Камилла расслабилась и приготовилась к интересному поединку. А как иначе, беседы по душам с этим человеком всегда поединки!
— Я не знаю, что рассказать, сеньор, что вы хотите услышать. — Она улыбнулась. — Мне кажется, вы сами прекрасно осведомлены о произошедшем, а передо мной ломаете комедию. Я не права?
Дон Серхио довольно рассмеялся
— Да, я осведомлен И это не дает мне покоя. Хранитель, прошедший психологическую подготовку, вдруг теряет самообладание в рядовой стычке с каким-то неопытным мальчишкой? Такого не может быть. Не может, потому, что не может быть в принципе. Но судя по моим сведениям, это произошло. Вот я и задался вопросом: «Почему?» Если забыла, напомню: вы — мой взвод, мой собственный. Ты охраняла меня, и даст бог, будешь охранять в будущем. Я хочу знать, что произошло, не со страниц скупых отчетов, не от своих осведомителей, которых, поверь, у меня в вашем заведении хватает, а от тебя самой. Лично.
Камилла покачала головой.
— Сеньор, но мне и вправду, нечего вам сказать.
— А я думаю, ты ошибаешься. — Смешок. — Начни с того, отдаешь ли ты отчет, что та ситуация не могла быть возможна? — Дон Серхио пробуравил ее взглядом насквозь. Она поежилась.
— Да, сеньор. Отдаю.
— А что комиссия? Разделяет эти взгляды?
— Думаю нет, сеньор. Они настаивают на срыве. Все мы люди, у всех может быть.
— А на самом деле?
Его глаза смеялись. И Камилла расхрабрилась:
— На самом деле, конечно, отдают, сеньор. Да, все мы люди, никто не застрахован от подобных срывов в общении с близкими. Но он не близкий, и мы всего лишь играли в карты. Я так понимаю, вы и сами это знаете, иначе бы не задавали мне эти вопросы.
Хозяин кабинета согласно кивнул.
— Разумеется. Но тебе они ничего не говорят. Играют в молчанку. Ты же и сама понимаешь, что лучше не распространяешься о догадках даже внутри взвода. Сорвалась — и сорвалась. Так?
Отвечать было не обязательно.
— Потому, что у комиссии всего два выхода: либо поставить под сомнение методики корпуса, безошибочно работающие, как часики, почти столетие, либо все-таки признать, что Хуанито — мальчик особенный, дружит с нечистой силой, продал душу дьяволу или что-нибудь в этом роде. Тёмное дело. И ни один из них неприемлем.
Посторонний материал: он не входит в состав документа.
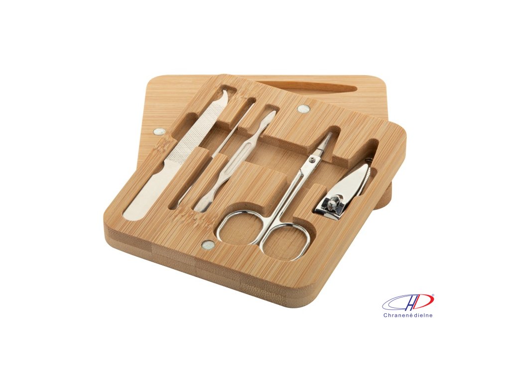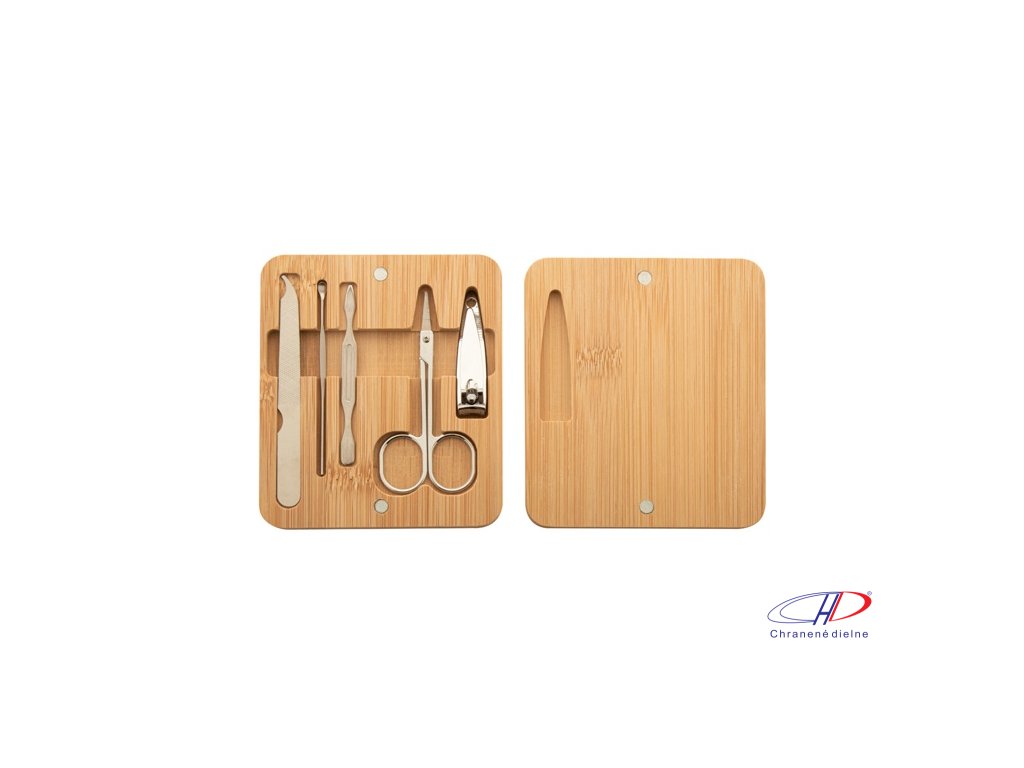 5 dielna manikúra v bambusovej krabičke s magnetickým vekom. Obsahuje nerezové nástroje: klieštiky, nožnice na nechty, pilník na nechty a 2 odstraňovače kožičky.Dodatočné parametre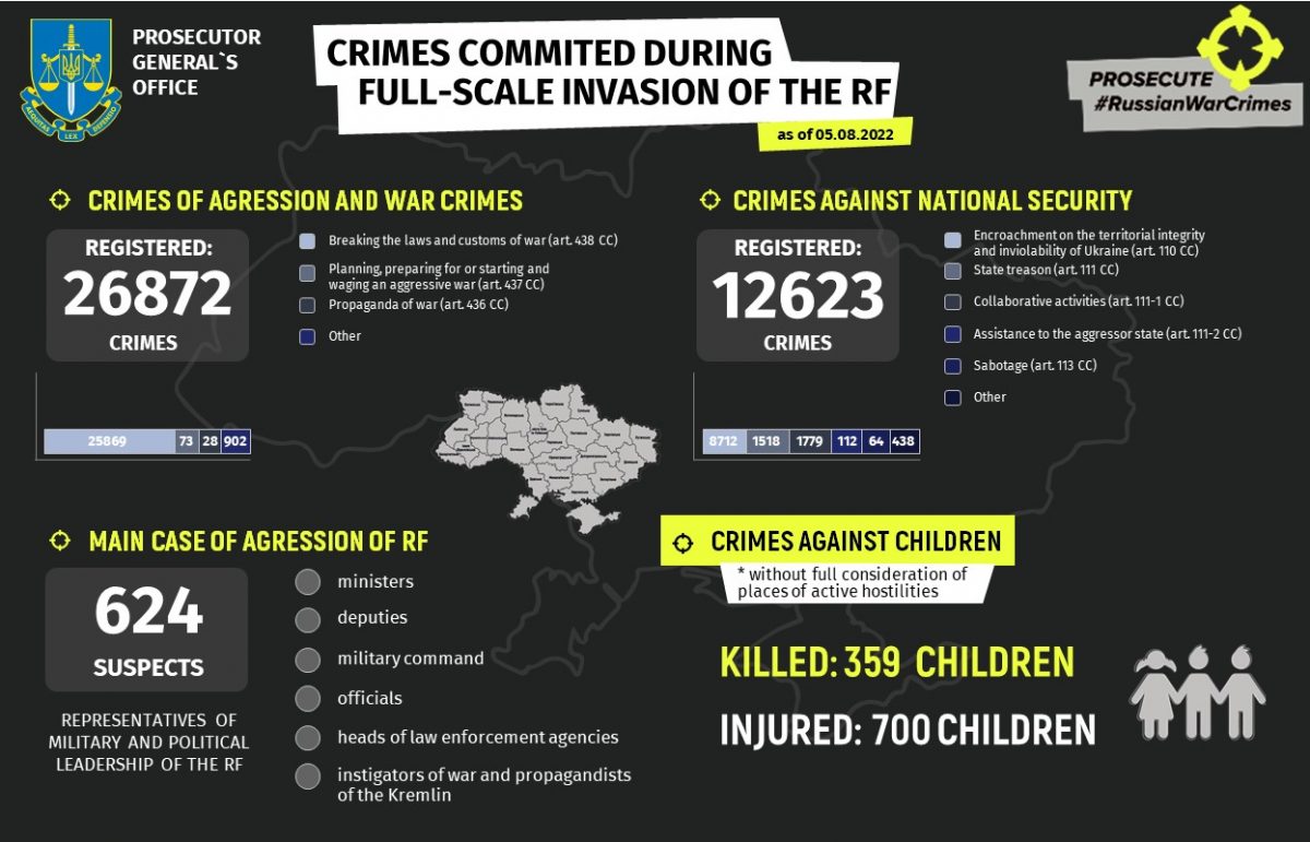 «Станом на 5 серпня задокументовано 26 872 воєнні злочини та 12 623 злочини проти національної безпеки України. За офіційними даними ювенальних прокурорів 1059 дітей постраждали в Україні внаслідок збройного вторгнення рф в нашу державу. При цьому 359 дітей загинуло та 700 отримали поранення», — повідомляють в Офісі Генерального прокурора.

— Зачем вам я, сеньор? — глядя на него в упор, спросила она. — Вы и так осведомлены гораздо лучше моей скромной персоны. К чему этот разговор?
Дон Серхио расслабился, откинулся на спинку кресла.
— Я же говорю, просто хочу послушать тебя, как очевидца. Как участника событий. Что ты в этот момент чувствовала? Почему сорвалась? Как сама оцениваешь произошедшее? Неужели это противозаконно?
Она покачала головой, пытаясь понять, как лучше всего реагировать. Пока она этого не знала, потому продолжала плыть по течению, выслушивая со стороны потенциального противника откровенность за откровенностью. Но за откровенность надо платить, а может ли она это делать? Имеет ли право, или это конфиденциальная информация?
И она решилась. Этот человек УЖЕ знает всё, что произошло. Знает гораздо больше комиссии, ибо телячьи глаза тех сеньор, хлопающих ресницами в попытке самим себе объяснить ее поведение, не выражали абсолютно никакой осведомленности. Дело спустили на тормозах, но спустили за отсутствием каких-либо выводов, а не чтобы что-то скрыть. Скрывают же они все подряд, по инерции, потому, что положено. Такого же собеседника, как дон Козлов, еще поискать!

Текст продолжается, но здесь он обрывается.